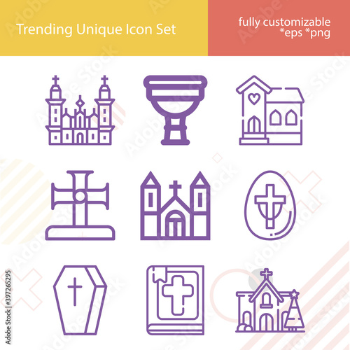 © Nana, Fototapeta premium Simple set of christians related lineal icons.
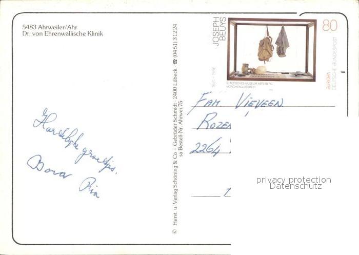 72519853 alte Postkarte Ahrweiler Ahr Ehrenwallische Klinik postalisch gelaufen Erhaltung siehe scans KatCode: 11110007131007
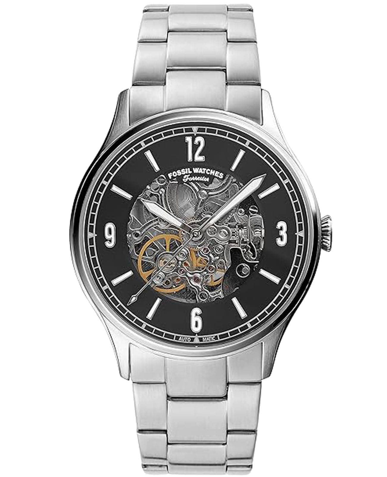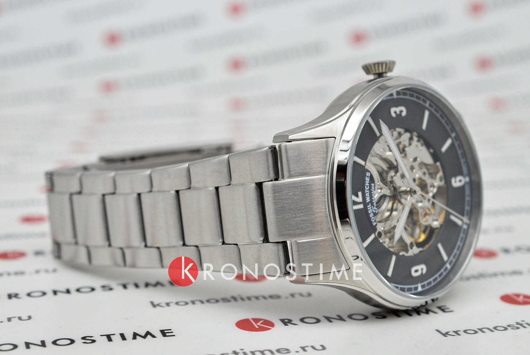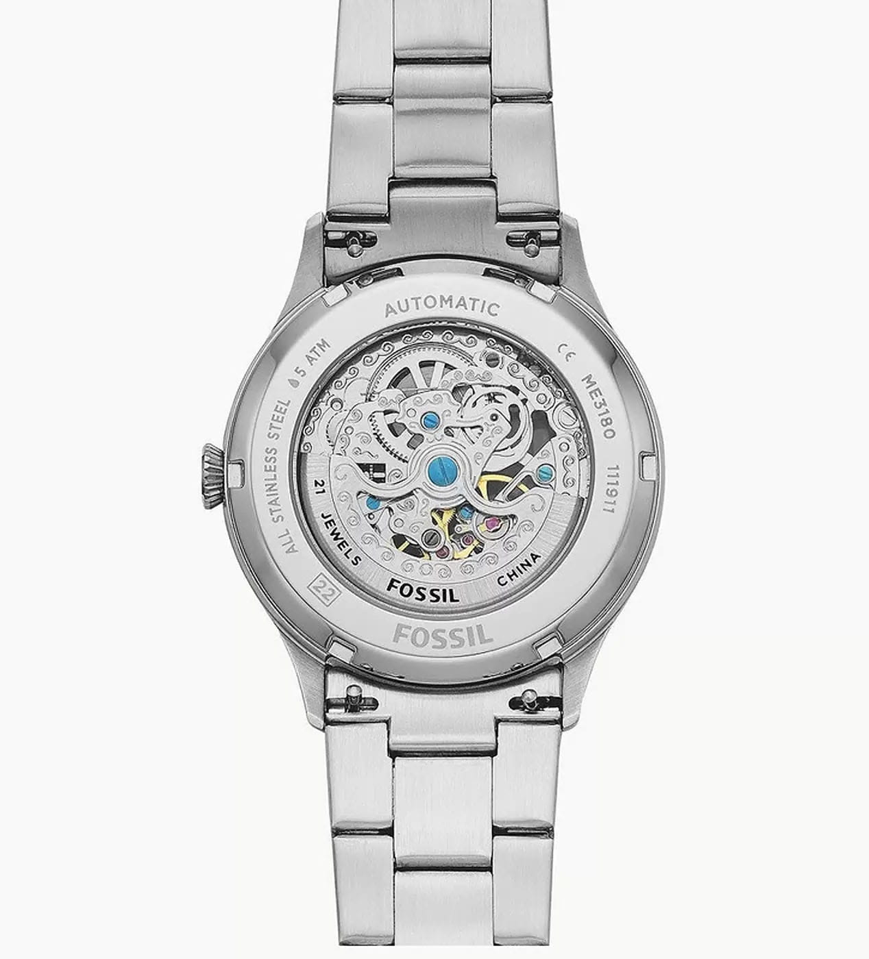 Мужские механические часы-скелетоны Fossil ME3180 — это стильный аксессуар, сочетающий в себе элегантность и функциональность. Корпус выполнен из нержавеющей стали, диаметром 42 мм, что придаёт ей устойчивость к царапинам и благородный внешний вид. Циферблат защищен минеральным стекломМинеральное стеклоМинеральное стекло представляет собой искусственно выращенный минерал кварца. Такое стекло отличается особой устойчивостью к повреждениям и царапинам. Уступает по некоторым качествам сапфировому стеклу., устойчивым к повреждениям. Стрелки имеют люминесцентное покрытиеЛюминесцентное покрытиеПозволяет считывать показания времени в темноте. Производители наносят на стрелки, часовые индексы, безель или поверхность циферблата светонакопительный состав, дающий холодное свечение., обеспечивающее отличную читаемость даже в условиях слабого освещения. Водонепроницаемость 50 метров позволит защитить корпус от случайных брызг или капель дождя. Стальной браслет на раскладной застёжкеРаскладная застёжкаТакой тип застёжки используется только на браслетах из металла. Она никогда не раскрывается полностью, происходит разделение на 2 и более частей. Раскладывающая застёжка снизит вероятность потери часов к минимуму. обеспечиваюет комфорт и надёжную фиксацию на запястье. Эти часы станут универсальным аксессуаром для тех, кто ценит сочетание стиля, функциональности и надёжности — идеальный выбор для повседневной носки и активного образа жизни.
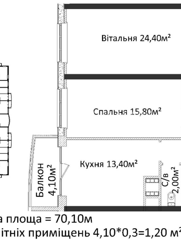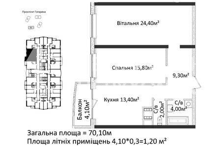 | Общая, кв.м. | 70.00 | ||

● **What you have to do**
Without copying any picture, write out all of the material exactly as it reads.

● **The answer**
 © Nana, Fototapeta premium Simple set of christians related lineal icons.
 72519853 alte Postkarte Ahrweiler Ahr Ehrenwallische Klinik postalisch gelaufen Erhaltung siehe scans KatCode: 11110007131007
 Мужские механические часы-скелетоны Fossil ME3180 — это стильный аксессуар, сочетающий в себе элегантность и функциональность. Корпус выполнен из нержавеющей стали, диаметром 42 мм, что придаёт ей устойчивость к царапинам и благородный внешний вид. Циферблат защищен минеральным стекломМинеральное стеклоМинеральное стекло представляет собой искусственно выращенный минерал кварца. Такое стекло отличается особой устойчивостью к повреждениям и царапинам. Уступает по некоторым качествам сапфировому стеклу., устойчивым к повреждениям. Стрелки имеют люминесцентное покрытиеЛюминесцентное покрытиеПозволяет считывать показания времени в темноте. Производители наносят на стрелки, часовые индексы, безель или поверхность циферблата светонакопительный состав, дающий холодное свечение., обеспечивающее отличную читаемость даже в условиях слабого освещения. Водонепроницаемость 50 метров позволит защитить корпус от случайных брызг или капель дождя. Стальной браслет на раскладной застёжкеРаскладная застёжкаТакой тип застёжки используется только на браслетах из металла. Она никогда не раскрывается полностью, происходит разделение на 2 и более частей. Раскладывающая застёжка снизит вероятность потери часов к минимуму. обеспечиваюет комфорт и надёжную фиксацию на запястье. Эти часы станут универсальным аксессуаром для тех, кто ценит сочетание стиля, функциональности и надёжности — идеальный выбор для повседневной носки и активного образа жизни.
 | Общая, кв.м. | 70.00 | ||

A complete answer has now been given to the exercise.